Typical Feature Development:

  1. Create feature branch from develop
  2. Implement changes with frequent, atomic commits
  3. Write/update tests
  4. Update documentation
  5. Push and create PR to develop
  6. Address review comments
  7. Merge after approval

Release Process:

  1. Create release/x.y.z branch from develop
  2. Update version numbers and changelog
  3. Test thoroughly
  4. Merge to main and tag with version
  5. Merge back to develop
  6. Deploy from main

Documentation

Documentation improvements are always welcome:

  • Fix typos or unclear explanations
  • Add examples in samples/ directory
  • Improve API documentation in doc/
  • Translate documentation (future)

Testing

Tests should be placed in the test/ directory:

  • Unit tests for individual components
  • Integration tests for end-to-end workflows
  • Example projects for validation

Detailed testing guidelines will be added once testing framework is set up

Technology Decisions

If you have opinions on pending technology choices:

  1. Review DECISION_LOG.md
  2. Share your experience/reasoning in discussions
  3. Consider trade-offs for this project's specific needs

Communication

  • Issues: For bugs and feature requests
  • Discussions: For questions and general conversation
  • Pull Requests: For code contributions

Code of Conduct

Be respectful and professional:

  • Constructive feedback
  • Inclusive language
  • Focus on ideas, not individuals
  • Help newcomers

Contributor License Agreement (CLA)

This project is dual-licensed (AGPL-3.0 + Commercial). All contributors must agree to the Contributor License Agreement before their contributions can be accepted.
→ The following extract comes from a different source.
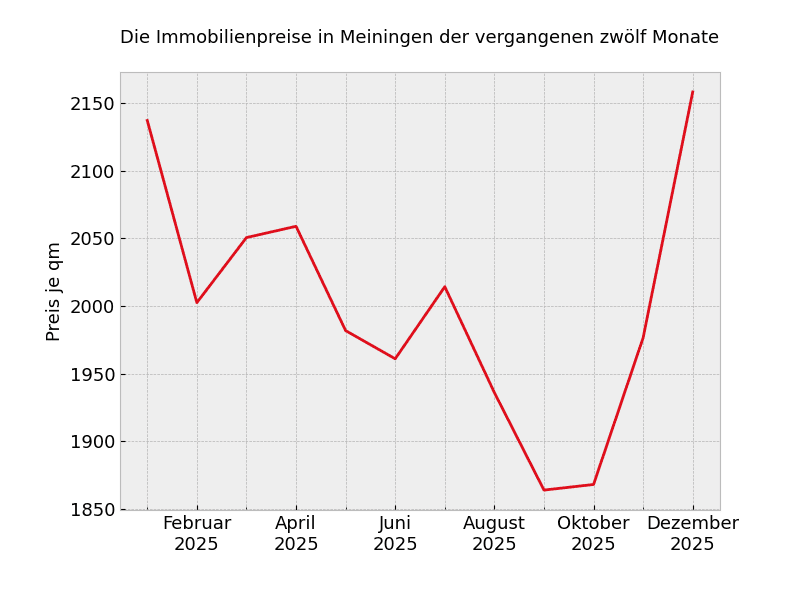 Mit 2.021 Euro pro Quadratmeter muss rechnen, wer zur Zeit nach einer Immobilien in Meiningen sucht. Dies sind 25,4 Prozent mehr als noch vor einem Jahr.

The CLA grants Qubernetic the right to sublicense contributions under the commercial license while ensuring your contributions remain available under AGPL-3.0 for the open source community.

First-time contributors will be prompted to sign the CLA electronically via a comment on their pull request.

License

This project is licensed under the GNU Affero General Public License v3.0. A commercial license is also available — see NOTICE for details.


Thank you for helping make visual PLC programming accessible to everyone!